The box stops in 0.139 seconds, after moving 7.29cm (0.0729m) backwards relative to the belt.

Explanation:

As the box is initially at rest relative to the earth, it is moving backwards with a speed of 1.05m/s relative to the belt. Then, the frictional force acts on the box to make it stop relative to the belt. So, we first have to write the equations of motion of the box in each axis:

x: f_k=ma\implies a=\frac{f_k}{m} \\\\y: N-mg=0\implies N=mg

Since the frictional force f_k is equal to f_k=\mu_k N=\mu_k mg, then we have that the acceleration is:

a=\frac{\mu_k mg}{m}=\mu_k g

Now, from the definition of acceleration we get:

a=\frac{v-v_0}{t}\implies t=\frac{v-v_0}{a}

And, as the final velocity is zero because the box gets to a stop, we have:

t=-\frac{v_0}{a}=-\frac{v_0}{\mu_k g}

(Don't worry about the negative sign.
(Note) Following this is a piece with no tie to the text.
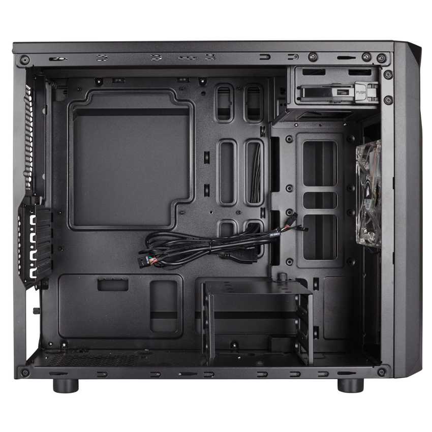 Descripción Corsair Carbide SPEC-M2. Factor de forma: Micro-Tower, Tipo: PC, Materiales: Acero. Ubicación de fuente de alimentación: Fondo. Ventiladores frontales instalados: 1x 120 mm, Diámetro de ventiladores frontales soportados: 120 mm, Diámetro de ventiladores traseros soportados: 120 mm. Tamaños de disco duro soportados: 2.5,3.5". Ancho: 19,8 cm, Profundidad: 44,8 cm, Altura: 37,8 cm
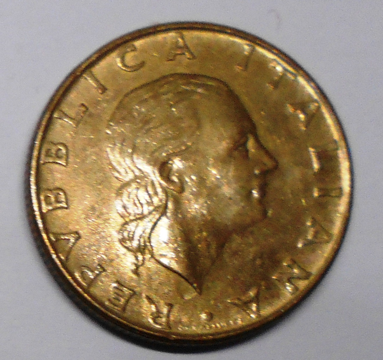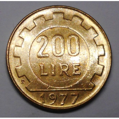 200 Lire 1977 mezza luna sotto il collo in incuso

It will disappear because the initial velocity is also negative, since we take the box initially moving backwards)

Then, plugging in the given values, we calculate the time:

t=-\frac{(-1.05m/s)}{0.770(9.81m/s^{2})}=0.139s

In words, the time the box takes to stop sliding relative to the belt is 0.139s.

The displacement of the box in this time, is given by the kinematics formula:

v^{2}=v_0^{2}+2ax\implies x=-\frac{v_0^{2}}{2\mu_kg}

Finally, we calculate the displacement:

x=-\frac{(1.05m/s)^{2} }{2(0.770)(9.81m/s^2)}=-0.0729m=-7.29cm

This means that the box moves 7.29cm backwards relative to the belt.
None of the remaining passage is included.